Liu Xin-Z, Ye Zhijiang, Dong Yalin, Egberts Philip, Carpick Robert W, Martini Ashlie
Department of Mechanical Engineering and Applied Mechanics, University of Pennsylvania, 220 South 33rd Street, Philadelphia, Pennsylvania 19104, USA.
School of Engineering, University of California Merced, 5200 North Lake Road, Merced, California 95343, USA.
Phys Rev Lett. 2015 Apr 10;114(14):146102. doi: 10.1103/PhysRevLett.114.146102. Epub 2015 Apr 6.

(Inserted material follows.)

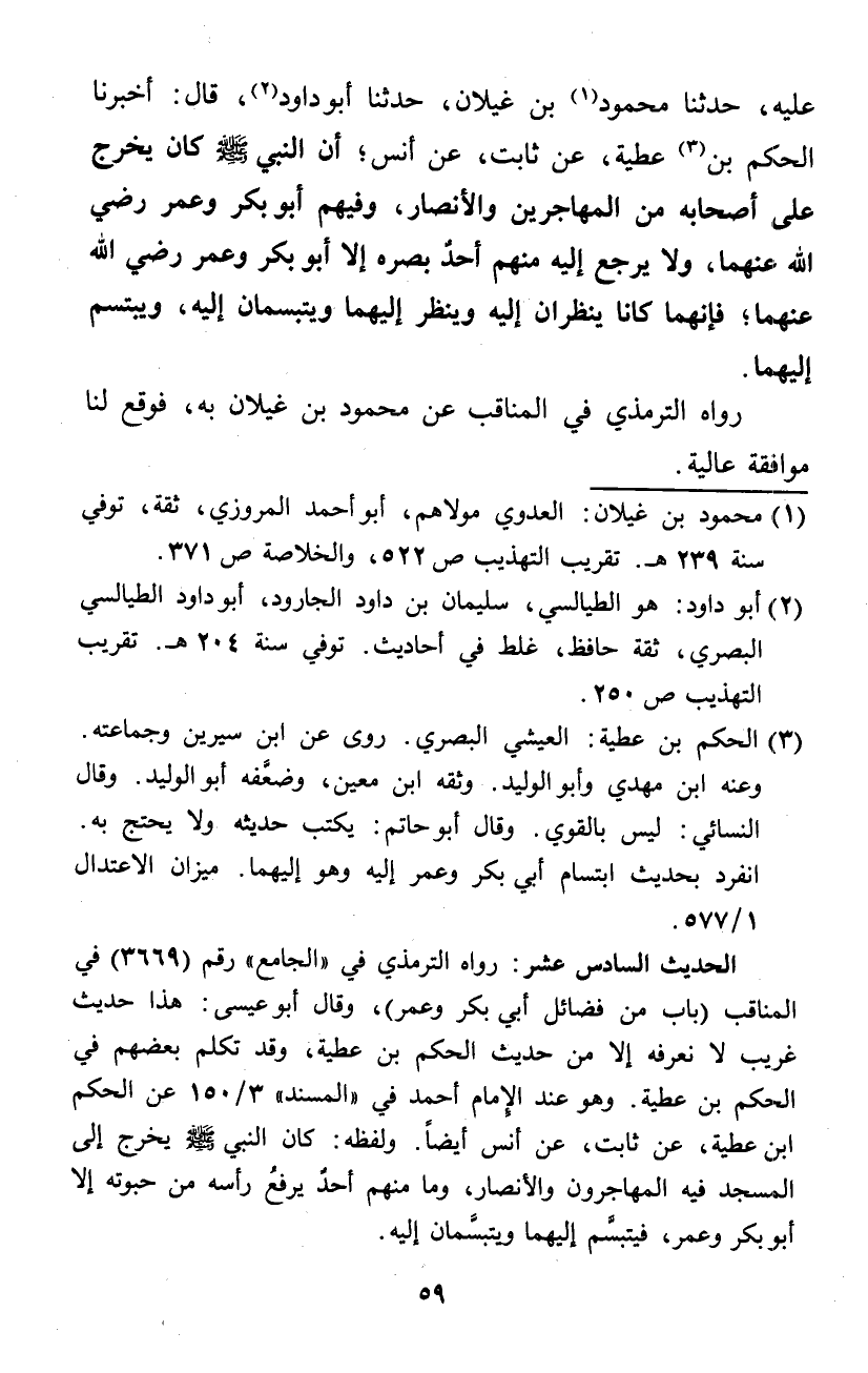 عَلَيْهِ حَدثنَا مَحْمُود بن غيلَان حَدثنَا أَبُو دَاوُد قَالَ أخبرنَا الحكم بن عَطِيَّة عَن ثَابت عَن أنس أَن النَّبِي صلى الله عَلَيْهِ وَسلم كَانَ يخرج على أَصْحَابه من الْمُهَاجِرين وَالْأَنْصَار وَفِيهِمْ أَبُو بكر وَعمر رَضِي الله عَنْهُمَا وَلَا يرجع إِلَيْهِ مِنْهُم أحد بَصَره إِلَّا أَبُو بكر وَعمر رَضِي الله عَنْهُمَا فَإِنَّهُمَا كَانَا ينْظرَانِ إِلَيْهِ وَينظر إِلَيْهِمَا ويبتسمان إِلَيْهِ ويبتسم إِلَيْهِمَا

Atomic force microscopy (AFM) and atomistic simulations of atomic friction with silicon oxide tips sliding on Au(111) are conducted at overlapping speeds. Experimental data unambiguously reveal a stick-slip friction plateau above a critical scanning speed, in agreement with the thermally activated Prandtl-Tomlinson (PTT) model. However, friction in experiments is larger than in simulations. PTT energetic parameters for the two are comparable, with minor differences attributable to the contact area's influence on the barrier to slip. Recognizing that the attempt frequency may be determined by thermal vibrations of the larger AFM tip mass or instrument noise fully resolves the discrepancy. Thus, atomic stick-slip is well described by the PTT model if sources of slip-assisting energy are accounted for.
利用原子力显微镜(AFM)以及对氧化硅尖端在Au(111)上滑动的原子摩擦进行的原子模拟,在重叠速度下开展了相关研究。实验数据明确显示,在高于临界扫描速度时会出现粘滑摩擦平台,这与热激活的普朗特 - 汤姆林森(PTT)模型相符。然而,实验中的摩擦力大于模拟中的摩擦力。两者的PTT能量参数具有可比性,细微差异归因于接触面积对滑动势垒的影响。认识到尝试频率可能由较大的AFM尖端质量的热振动或仪器噪声决定,这完全解决了差异问题。因此,如果考虑到滑动辅助能量的来源,PTT模型就能很好地描述原子粘滑现象。